### THE TASK
Reproduce all of the data exactly. Images are not to appear in the reply.

### INPUT DATA
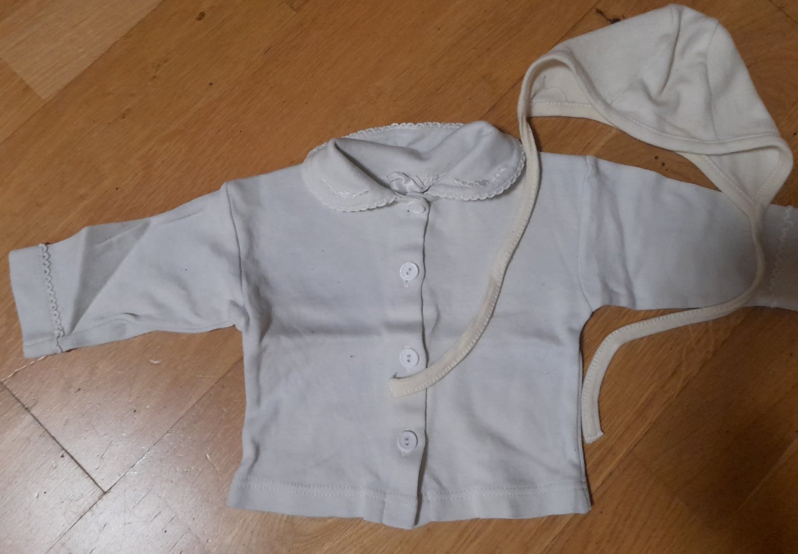 Bílý kabátek a béžová čepička ve vel. 56
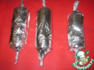 На куски фольги выложить шашлычки и завернуть в форме конфеты. Запекать в духовке 30 минут при t=200С.
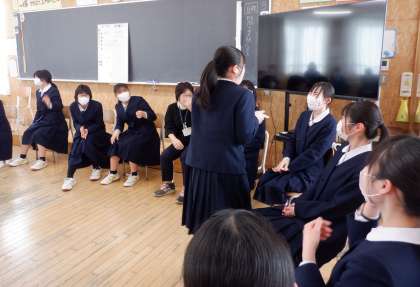 部活動お別れ会 その1 公開日 2023/03/13 更新日 2023/03/13 芝園の一日 3月13日(月) 放課後 本日、各部でお別れ会をしました。お世話になった3年生に、在校生から感謝の気持ちを伝えました。バレーボール部では、フルーツバスケットのゲームに、大いに盛り上がっていました。先輩との思い出が、また一つ増えましたね。 【画像上:陸上競技部、中・下:バレーボール部】
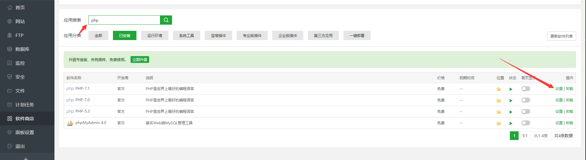 开始此步骤前,需等待宝塔面板左上角的 PHP 安装任务已完成

### RESULT OF THIS EXERCISE
 Bílý kabátek a béžová čepička ve vel. 56
 На куски фольги выложить шашлычки и завернуть в форме конфеты. Запекать в духовке 30 минут при t=200С.
 部活動お別れ会 その1 公開日 2023/03/13 更新日 2023/03/13 芝園の一日 3月13日(月) 放課後 本日、各部でお別れ会をしました。お世話になった3年生に、在校生から感謝の気持ちを伝えました。バレーボール部では、フルーツバスケットのゲームに、大いに盛り上がっていました。先輩との思い出が、また一つ増えましたね。 【画像上:陸上競技部、中・下:バレーボール部】
 开始此步骤前,需等待宝塔面板左上角的 PHP 安装任务已完成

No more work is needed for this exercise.